Kedua, Mahkamah Konstitusi (MK) adalah lembaga yang berwenang untuk menjaga dan menegakkan konstitusi dan konstitusionalisme di Indonesia.

Ketiga, sudah banyak putusan MK yang memeriksa dan memutus pelanggaran kualitatif dalam pemilihan umum, baik untuk pemilihan umum kepala daerah, legislatif maupun presiden.

Keempat,  Dewan Kehormatan Penyelenggara Pemilihan Umum (DKPP) telah menjatuhkan Putusan No. 135-PKE-DKPP/XII/2023, No.136-PKE-DKPP/XII/2023, No. 137-PKE-DKPP/XII/2023, No. 141-PKEDKPP/XII/2023.

Kelima,  Majelis Kehormatan Mahkamah Konstitusi (MKMK) telah menjatuhkan Putusan No. 02/MKMK/L/11/2023 yang menyatakan, bahwa Hakim Konstitusi Anwar Usman telah melakukan pelanggaran etika berat ketika memutus Putusan No. 90/PUU-XXI/2023.

Keenam,  pembuktian di MK sama dengan pembuktian perdata, yaitu pembuktian formil.

“Ketujuh, Termohon dalam hal ini KPU tidak mengubah PKPU No. 19/2023 sebelum menerima dan memverifikasi pendaftaran Gibran Rakabuming Raka sebagai Calon Wakil Presiden dari Pihak Terkait,” kata Firman.

Kedelapan, pihak terkait adalah pasangan Calon Presiden dan Wakil Presiden yang didukung oleh Presiden Joko Widodo (Jokowi). Kesembilan, nepotisme adalah pelanggaran hukum.
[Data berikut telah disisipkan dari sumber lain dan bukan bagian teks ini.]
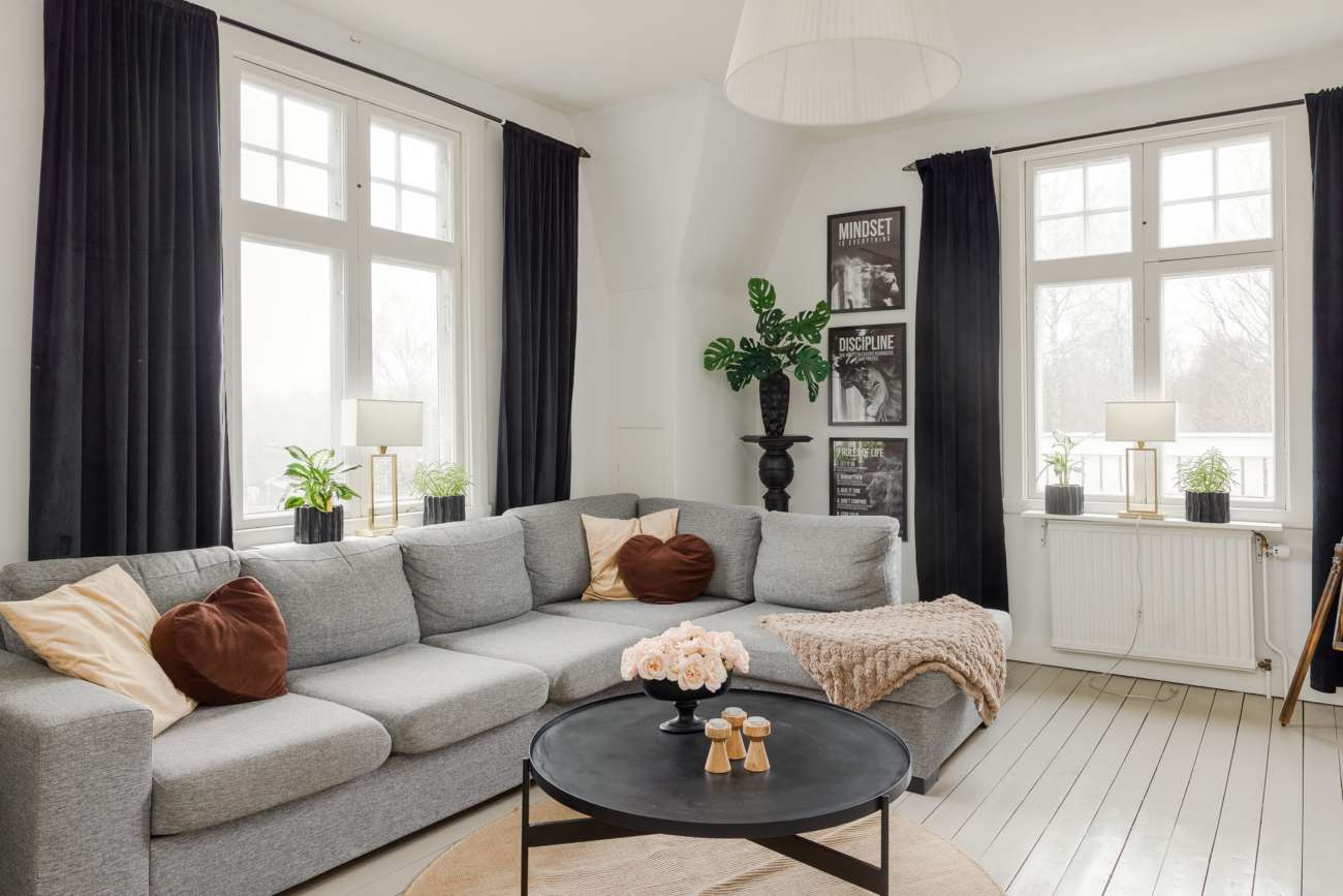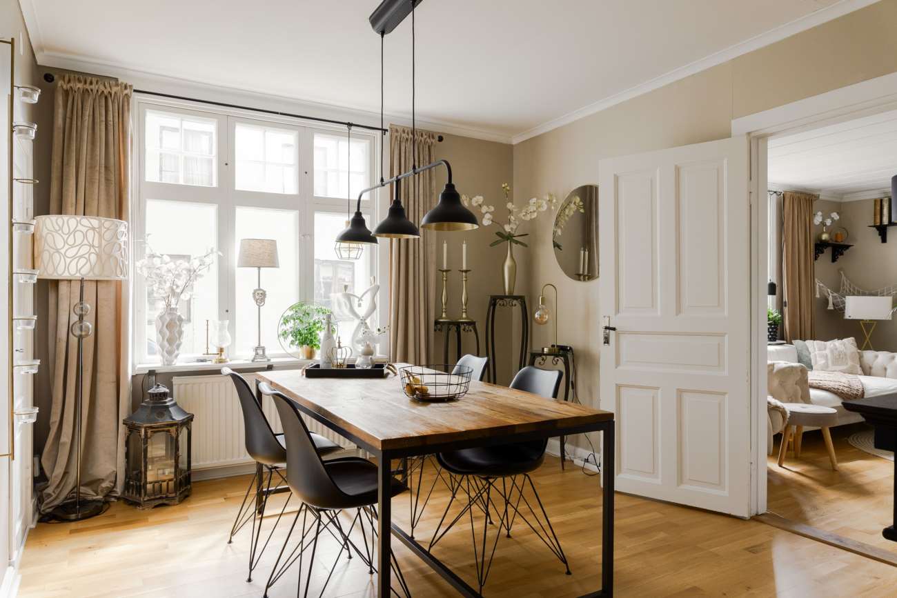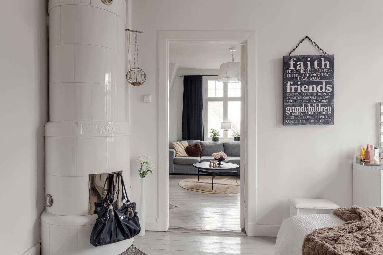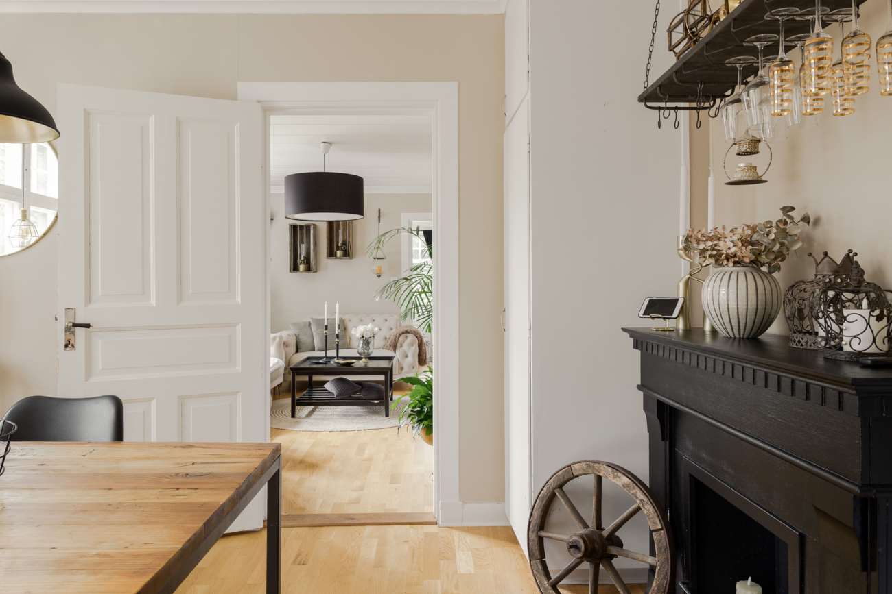 Vidare in i huset öppnar sällskapsytorna upp sig. Vardagsrummet ligger centralt och binds samman med matsalen i en öppen disposition. Enstavs ekparkett löper genom rummen och de stora fönsterpartierna ger ett generöst ljusinsläpp. Kakelugnen är placerad som rummets självklara mittpunkt och bidrar både med värme och karaktär.

Kesepuluh, Presiden Jokowi melakukan banyak pembagian bantuan sosial selama periode Pilpres 2024. Hal itu diperkuat keterangan Menteri Koordinator Bidang Pembangunan Manusia dan Kebudayaan (PMK), Menteri Koordinator Bidang Perekonomian, Menteri Keuangan, dan Menteri Sosial.

Kesebelas, telah terjadi mobilisasi kepala desa selama periode Pilpres 2024. Hal itu diperkuat  keterangan saksi Dadan Aulia Rahman, Fahmi Rosyidi, Memed Alijaya, dan keterangan Saksi Bawaslu, Sakhroji.

Kedua belas, telah terjadi pelbagai pelanggaran prosedur pemilihan umum selama periode Pilpres 2024, termasuk permasalahan  Sirekap, dalam bentuk adanya ruang manipulasi data, dan kemungkinan kesalahan data dalam Sirekap. Data yang disajikan Sirekap menimbulkan kegaduhan di masyarakat.